Over the last few years, I've often fantasized about this dreamy scenario: my family and friends are gathered outside on a sunlit day in Northern California—probably Mendocino, by the ocean—watching me as I walk down the aisle to the gentle croon of Peter Gabriel's "Book of Love." ("I love it when you sing to me..."). I'll be wearing a knee-length white dress with red pumps and red lips. When the ceremony is over, I'll walk off to the Magnetic Fields version of the same song. Then there'll be a big '80s dance party and an island-hopping Hawaiian honeymoon.
That's right. I'm a career-oriented, pants-wearing feminist, and I've planned out my wedding. Because guess what? I want to get married.
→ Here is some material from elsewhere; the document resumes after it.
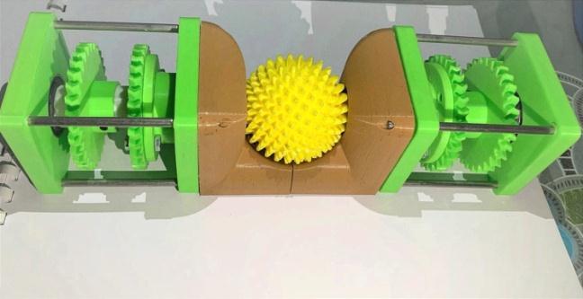 TheCS gearofthe prototypemustbeheldbya holder. Therefore,ifthereisanoutputaxis,therangeofmotionis limited, Such systems can be found in a friction wheel, a spherical motor, and an ultrasonic system. On the other hand, a linkage or differential mechanism has no such limitations. One wayto increase therangeof motionis to remove the bottom part of the opposite type prototype’s holder. Thisreducesthecontactarea betweentheCS gear andtheholder.Thus,thestiffnessisoneofthechallenges, but it allows for a range of motion of 360, 90, 360 [deg]. Another way is to design the angle between the driving modules to be small. The prototype’s angles are 90 and 180 [deg] but can be placed at a minimum angle of 60 [deg]. If a mechanism to prevent the CS gear drop out is installedandtheoverhangisremovedfromtheholder,the range of motion in this mechanism will be extended to approx.180, 180, 360 [deg]. We expect that the linkages, magnets, or mobile spherical shells provide auxiliary holding for the CS gear. Holding the CS gear in a passive gimbal mechanism is one valid method. However, the singularity of the linkage mechanism will be an issue. On the other hand, a combination of a CS gear containing a ferromagnetic material and a holder with permanent magnetsisanalternative.Inthiscase,weneedtoconsider thefrictioncausedbymagneticforcesandthepermissible load of the hand. However, the configuration of the mechanism is relatively simple. In addition, there is one option to hold the CS gear with a movable spherical shell structure Although many challenges are foreseen in this design, it is possible to hold the CS gear with surface contact.Therearemanychallengesindesigningtheholder, but due to the flexibility of its design, we believe our graduationprojecthasahighpotentialforthenearfuture.
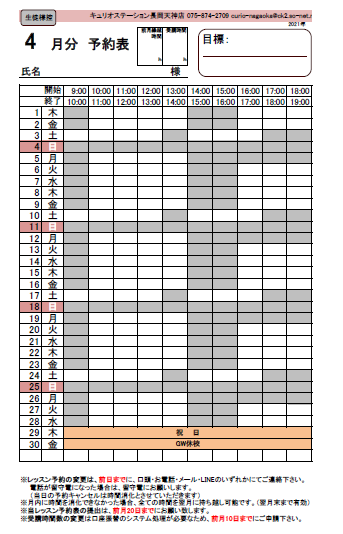 2021年3月2日 / 最終更新日 : 2021年3月6日 widetree レッスン予定 2021年4月のレッスンスケジュール 下記白枠の時間帯が受講可能な時間帯です。 GW休校のおしらせ 下記は休校とさせて頂きます。よろしくお願いいたします。 4/29(木)-5/5(水)

Yet every time I catch myself scrolling to "Book of Love" on my Spotify, or scheming an awesome bachelorette spot (Cat Club, San Francisco, Thursday night), or thinking "oh how lovely" when watching a wedding scene in a movie, I feel an acute pang of shame and regret.
And it's not just me: at dinner parties with my friends, we'll have no-holds-barred discussions about sex positions, politics, social issues and any number of other hot-button topics. But we rarely bring up marriage and, if we do, it's usually awkwardly danced around. ("Oh, I don't know if I want to get married." "I haven't really thought about it much." "We'll see...")
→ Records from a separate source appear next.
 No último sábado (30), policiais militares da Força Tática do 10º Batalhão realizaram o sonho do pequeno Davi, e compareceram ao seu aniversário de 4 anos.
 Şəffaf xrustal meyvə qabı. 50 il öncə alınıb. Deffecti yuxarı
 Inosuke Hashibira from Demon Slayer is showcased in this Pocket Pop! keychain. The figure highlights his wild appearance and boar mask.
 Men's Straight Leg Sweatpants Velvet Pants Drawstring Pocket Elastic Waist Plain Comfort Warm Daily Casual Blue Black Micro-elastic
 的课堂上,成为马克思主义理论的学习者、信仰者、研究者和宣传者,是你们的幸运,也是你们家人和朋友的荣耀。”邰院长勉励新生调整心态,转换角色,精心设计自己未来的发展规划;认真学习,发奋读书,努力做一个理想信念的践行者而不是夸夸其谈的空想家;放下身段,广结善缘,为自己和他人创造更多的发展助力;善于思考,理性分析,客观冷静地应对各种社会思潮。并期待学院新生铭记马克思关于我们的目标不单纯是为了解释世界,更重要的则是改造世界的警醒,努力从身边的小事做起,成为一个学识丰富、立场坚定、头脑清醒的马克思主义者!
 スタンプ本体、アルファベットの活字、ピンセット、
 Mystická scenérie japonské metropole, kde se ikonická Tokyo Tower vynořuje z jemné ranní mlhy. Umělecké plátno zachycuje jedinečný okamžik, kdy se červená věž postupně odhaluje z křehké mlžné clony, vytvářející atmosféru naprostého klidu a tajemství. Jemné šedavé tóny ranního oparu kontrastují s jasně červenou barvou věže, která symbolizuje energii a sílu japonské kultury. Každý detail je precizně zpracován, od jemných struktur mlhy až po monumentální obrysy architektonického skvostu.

It seems something happened during the female march from rolling pins to corner offices, and I'm not entirely sure it's worth celebrating: marriage became the new dirty word for the modern woman.
There are any number of reasons we've reached this wedding-bashing juncture in feminism. In a recent New Republic story, Amanda Palleschi wrote about revulsion toward the overpriced wedding-industrial complex and all its Bridezilla connotations. And it doesn't help that many in our generation are children of divorce and, in ways both conscious and subconscious, we fear ending up like our fight-ravaged parents.
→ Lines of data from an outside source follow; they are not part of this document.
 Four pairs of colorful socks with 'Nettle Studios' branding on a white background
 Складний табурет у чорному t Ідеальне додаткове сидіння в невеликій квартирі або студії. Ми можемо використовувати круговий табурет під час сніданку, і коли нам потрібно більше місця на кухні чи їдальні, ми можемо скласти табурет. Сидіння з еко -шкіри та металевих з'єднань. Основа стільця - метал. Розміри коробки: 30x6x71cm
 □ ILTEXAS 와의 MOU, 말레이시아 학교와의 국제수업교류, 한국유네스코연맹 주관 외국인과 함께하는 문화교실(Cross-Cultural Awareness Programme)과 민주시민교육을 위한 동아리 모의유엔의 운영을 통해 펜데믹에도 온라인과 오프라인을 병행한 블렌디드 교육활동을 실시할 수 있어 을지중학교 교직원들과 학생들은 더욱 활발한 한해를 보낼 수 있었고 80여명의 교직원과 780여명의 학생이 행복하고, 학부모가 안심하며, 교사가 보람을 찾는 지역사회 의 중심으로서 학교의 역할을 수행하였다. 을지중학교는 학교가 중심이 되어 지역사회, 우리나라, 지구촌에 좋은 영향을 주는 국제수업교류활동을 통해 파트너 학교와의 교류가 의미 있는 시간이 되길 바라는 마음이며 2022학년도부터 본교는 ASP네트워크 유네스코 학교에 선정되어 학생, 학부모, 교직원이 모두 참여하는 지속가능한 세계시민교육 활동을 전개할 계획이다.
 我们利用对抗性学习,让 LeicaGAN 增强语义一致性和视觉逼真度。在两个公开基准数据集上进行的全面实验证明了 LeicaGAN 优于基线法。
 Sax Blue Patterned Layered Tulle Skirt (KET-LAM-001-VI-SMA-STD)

But the biggest issue is what we continue to associate marriage with: settling down into domesticated monotony, our once-fabulous lives bludgeoned into blandness by a white picket fence post.
Women who don't want to get married often argue all these points and more. One friend of mine, for instance, has also persuasively argued that marriage undercuts relationships by making commitment mandatory rather than an active choice. This kind of anti-marriage logic is completely sound, and I fully respect those who don't seek marriage—choice, after all, is what feminism is all about.
But I wonder if it's time to rethink some of the lingering stigmas that have turned marriage into an albatross even for those who actually still want it.
For one thing, it's ridiculous to assume any female who wants to get married is a monstrous Bridezilla in waiting. Moreover, the "marriage is the death of fun!" idea is archaic. As women, we've made such progress since the '50s—so why, instead of changing our conception of marriage to suit modern realities, have we saddled it with connotations from the past? In this era of relationship egalitarianism, who says we can't have adventure, career success and liberation. . . but with a ring on it?
Listen, I'm happy that marriage is not my ultimate ambition in life, and that I don't have a scrapbook of wedding gown ideas that I've been stashing under my bed since the age of seven. I don't want to get hitched to show off to the world that I'm good enough to be loved (maybe!) forever, and I'm not desparate or rushed to make it happen.
But I do want to spend the rest of my life with someone I love. I want that little piece of paper that says, whatever happens, we'll support and care for each other to the end. And damnit, I want that beautiful wedding by the beach, with my dad walking me down the aisle and my friends making toasts and the sun setting at the moment I look into my soon-to-be husband's eyes and say, with every traditional sentiment that comes with it, I do.
If you think this makes me old-fashioned and pathetic, so be it. But I'd like to think it makes me a truly modern woman.